For these three mixes, the stress–strain characteristics were
studied by casting cylinders. It was observed during the testing that
the binder content and water-to-binder ratio influence the strength
of HSSCC, and slow changes in stress–strain curves were seen
as the strength increased. The use of HSSCC results in reduced bond
cracking, leading to a more linear and steeper stress–strain
curve in the ascending branches as the strength of the concrete increases.
Elastic properties such as modulus of elasticity and Poisson’s
ratio of HSSCC were calculated using experimental data.
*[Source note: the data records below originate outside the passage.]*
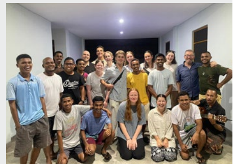
TIMOR ORIENTAL: ENCUENTRO DE LA COMUNIDAD MARISTA DE BAUCAU CON ASSUMPTION COLLEGE KILMORE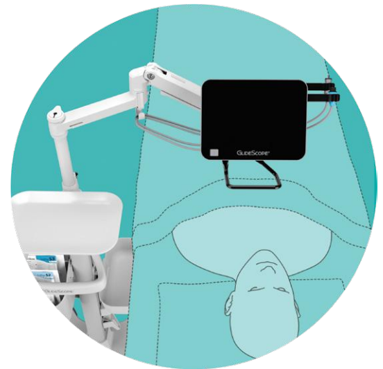
EINFACH EINSTELLBARE ARMPOSITIONEN ÜBER DEM PATIENTEN

GlideScope Core ist das erste Gerät zur Atemwegsvisualisierung mit multimodaler Live-Bildgebung für die Videolaryngoskopie und Bronchoskopie. Ihr System zur Atemwegsvisualisierung unterstützt jetzt auch bronchoskopiegestützte Verfahren im OP, auf der Intensivstation und in der Notaufnahme.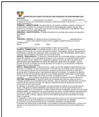
Escritura de Constitución de la empresa.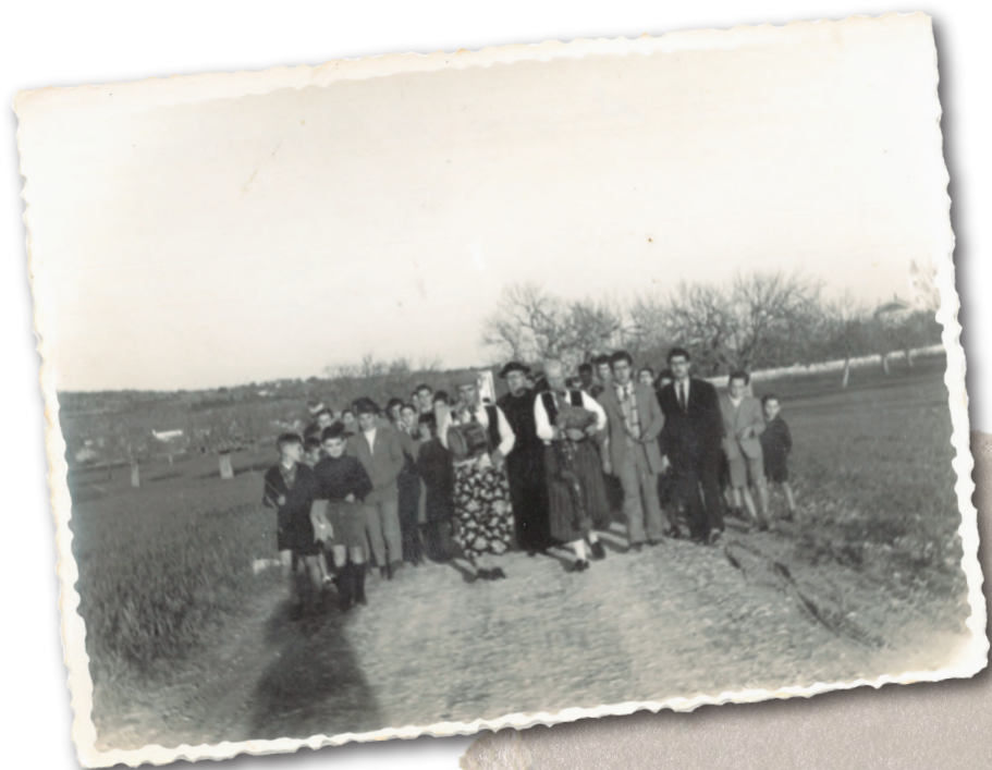
Grup de xeremiers a l'entrada de Son Carrió, devers anys 40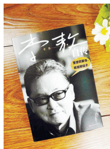
《李敖自传》 人民文学出版社 2018年1月出版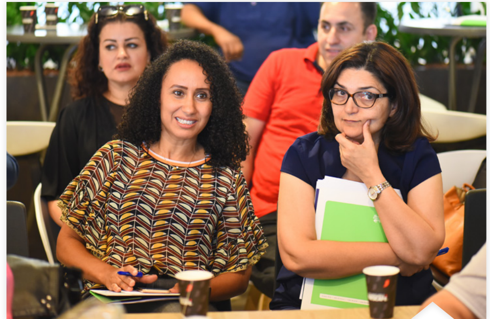
Deelnemers tijdens een bijeenkomst voor gespreksleiders van de Alliantie Verandering van Binnenuit.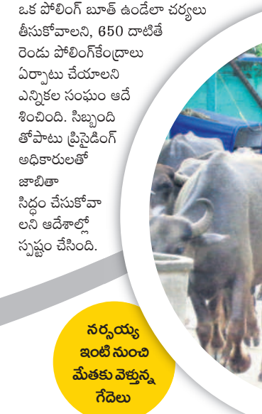
నర్సయ్య ఇంటి నుంచి మేతకు వెళ్తున్న గేదెలు

లను నిర్వహించేందుకు సిద్ధంగా ఉండాలని రాష్ట్ర ఎన్నికల సంఘం కలెక్టర్లకు ఉత్తర్వులు జారీ చేసింది. అందుకోసం రిటర్నింగ్ అధికారులు, పోలింగ్ సిబ్బందిని నియమించడంతోపాటు పంచాయతీ ఎన్నికల కోసం సచివ సిబ్బందికి క్షేత్ర ఇబ్బాలని సూచించింది. దీంతో పాటు పోలింగ్ కేంద్రాల పరిధిలో సిబ్బందిని నియమించడానికి సన్నద్ధమైన ఆదేశాలు జారీచేసింది. 200 ఓటర్లు ఉన్న పోలింగ్ స్టేషన్ పరిధిలో ఒక ప్రీసైడింగ్ అధికారి, ఇద్దరు పోలింగ్ అధికారులని నియమించాలని సూచించింది. అలాగే 201 నుంచి 400 మంది ఓటర్లు ఉన్న కేంద్రంలో ఒక ప్రీసైడింగ్ అధికారి, ముగ్గురు పోలింగ్ అధికారులను నియమించుకోవాలని ఆదేశించింది. ప్రతి వార్డులో ఒక పోలింగ్ బూత్ ఉండేలా చర్యలు తీసుకోవాలని, 650 డాటిలే రెండు పోలింగ్ కేంద్రాలు ఏర్పాటు చేయాలని ఎన్నికల సంఘం ఆదేశించింది. సిబ్బంది తోపాటు ప్రీసైడింగ్ అధికారులతో జూరీగా నియమించాలని, 650 డాటిలే రెండు పోలింగ్ కేంద్రాలు ఏర్పాటు చేయాలని ఎన్నికల సంఘం ఆదేశించింది. సిబ్బంది తోపాటు ప్రీసైడింగ్ అధికారులతో జూరీగా నియమించాలని, 650 డాటిలే రెండు పోలింగ్ కేంద్రాలు ఏర్పాటు చేయాలని ఎన్నికల సంఘం ఆదేశించింది.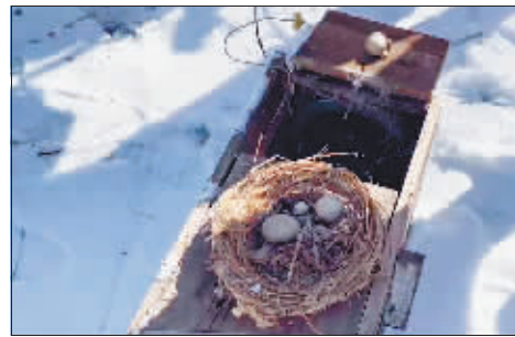
清理出未孵化成功的鸳鸯蛋。

今年是野生鸳鸯落户兆麟公园第三十年,从最初的几只,到现在最多五六百只,野生鸳鸯们在绿化高度覆盖的城区和居民们和谐相处,始终受到市民的关注和保护,期待并欢迎它们重返冰城。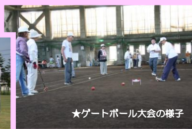
★ゲートボール大会の様子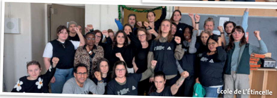
École de L'Étincelle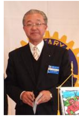
石川友意会員 マルチプル（2回）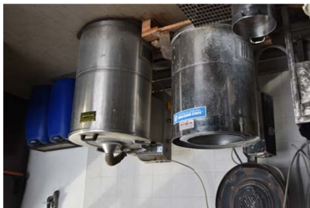
24 – Centrifughe Boverio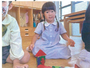
「おじいちゃん」 おばあちゃんの家だよ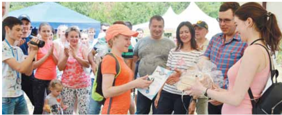
Налоговики в третий раз испытали себя на прочность на горе Бештау.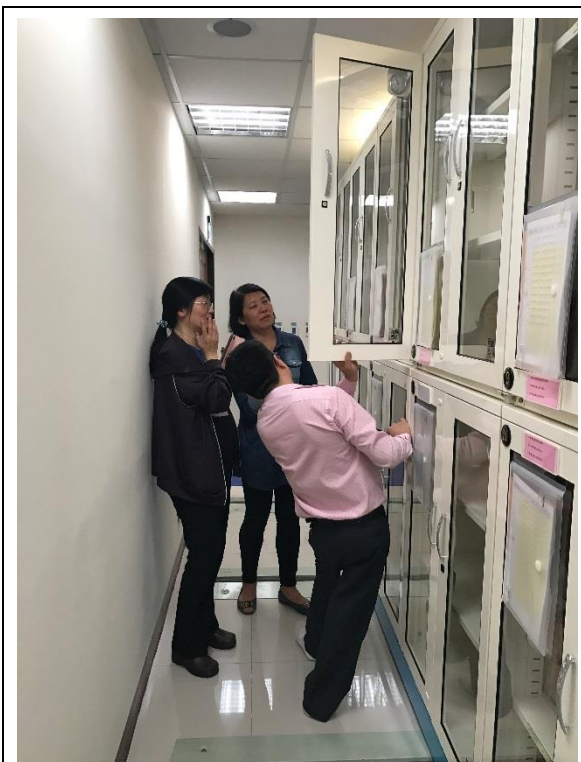
設有大型防潮櫃裝置公文附件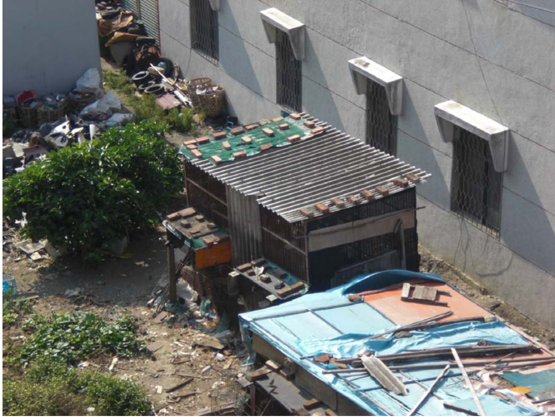
(圖 4-2 住家樓下種鴿舍)

在美麗外觀下，前年 A1 花了台幣近 50 萬，打造鐵製材料鴿舍，而捨棄木製鴿舍。因台灣是潮濕多雨的海島氣候，木頭易腐爛，不易養殖鴿子，所以 A1 在前年換掉舊木製鴿舍，角逐次年的比賽。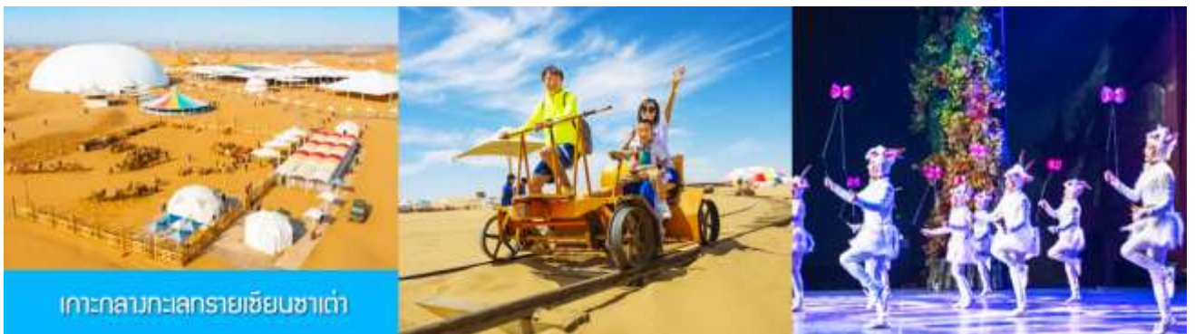
เกาะกลางทะเลทรายเขียนซาเต่า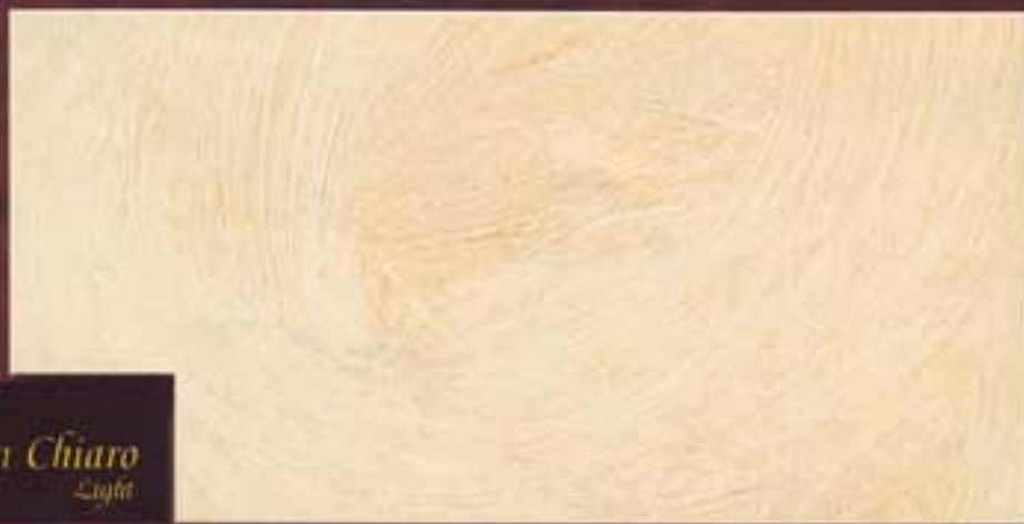
Rytlon Chiaro Light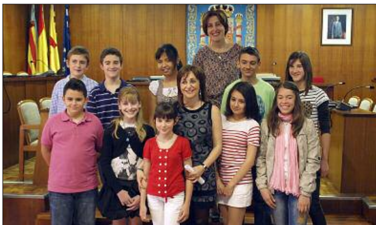
Los alumnos junto a la alcaldesa y la concejal de Educación

Portada de la revista del PSOE editada a principios del mes de abril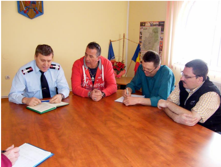
Le comité de pilotage en séance avec l'ISU à Deda

Depuis 2010, il est membre du Comité de pilotage du projet « 4 centres incendie pour 4 régions de Roumanie » et s'est particulièrement occupé de la dotation en matériel des centres régionaux créés.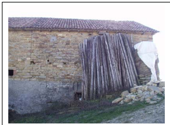
UNITA' EDILIZIA NR. 1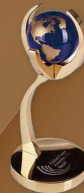
Broker Fintech Forex Terbaik

IEXS telah terus-menerus menerima pengiktirafan dan anugerah dari institusi yang berwibawa, menonjolkan kekuatan syarikat dalam keselamatan dana, asas perniagaan, dan perkhidmatan perdagangan, serta mencerminkan falsafah perkhidmatan syarikat yang berorientasikan pelanggan. Anugerah ini terutamanya mengiktiraf broker yang mencapai prestasi terbaik di peringkat global dan serantau, memberi ganjaran kepada syarikat yang menyediakan teknologi perdagangan terbaik, perdagangan dengan kos rendah, alat penyelidikan pasaran yang komprehensif, program pendidikan yang canggih, dan perkhidmatan pelanggan bertaraf dunia kepada pelabur atau pedagang.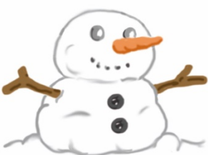
MUÑECO DE NIEVE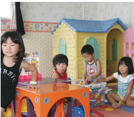
児童センターでは貸し出しもしています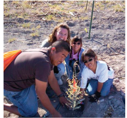
Un estudiante de la Escuela Primaria Tobler y su familia siembran vegetación nativa en el Refugio Nacional de Vida Silvestre de Ash Meadows, NV

cóndor de California. Ellos ayudaron al coordinador del cóndor de California crear una actualización mensual de la población la cual se distribuye a través del programa de recuperación y se utiliza en materiales de alcance.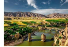
เมืองฮาซานคีฟ

** พักที่ Kardelen Hotel 4* หรือเทียบเท่า **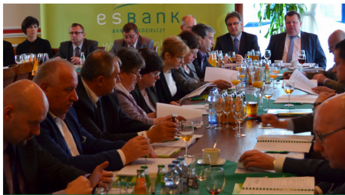
Podczas Zebrania Przedstawicieli m.in. podsumowano rok 2013

Fundusze własne ESBANKU na koniec 2013 roku osiągnęły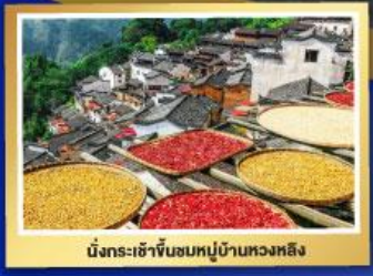
นั่งกระเช้าขึ้นชมหมู่บ้านหวงหลิง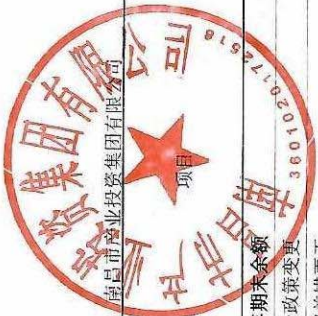
母公司所有者权益变动表 2024年度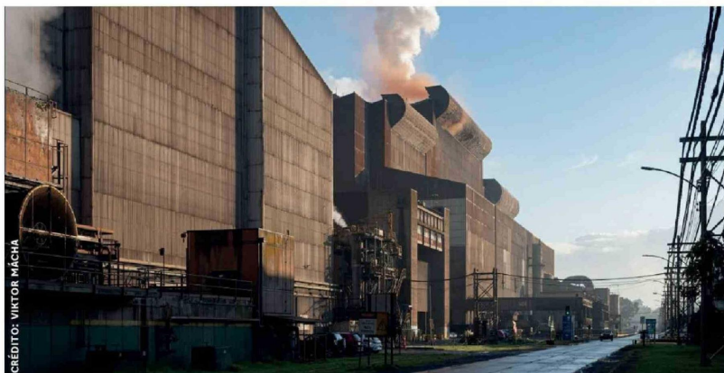
ECONOMISTAS ADVIERTEN que el motor industrial está agotándose y una nueva economía se instala sin generar empleos formales suficientes.

Por ahora, las cifras muestran una realidad clara: más personas trabajando sin contrato y más dificultades para encontrar empleo formal.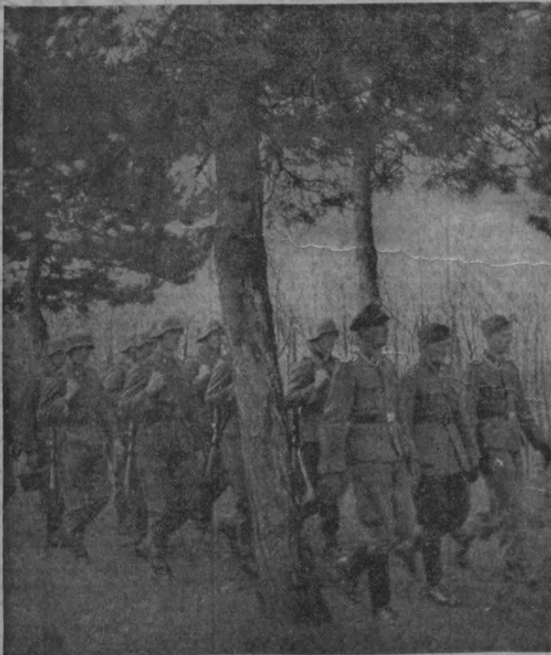
Brašā soli no apmācības vietas uz mītni

In HSSCC,
since the aggregate content is lower and the size of the aggregates
is smaller, it will have a lower modulus of elasticity compared to
normal vibrating concrete (NVC). Thus, an equation is proposed from
the experimental results for predicting the modulus of elasticity
of HSSCC. The results suggest that the proposed equation for predicting
the elastic modulus of HSSCC for strengths ranging from 70 to 90 MPa
is valid. It was also observed that the Poisson’s ratio values
for all three mixes of HSSCC were found to be lower than the typical
value for NVC, indicating a higher degree of stiffness.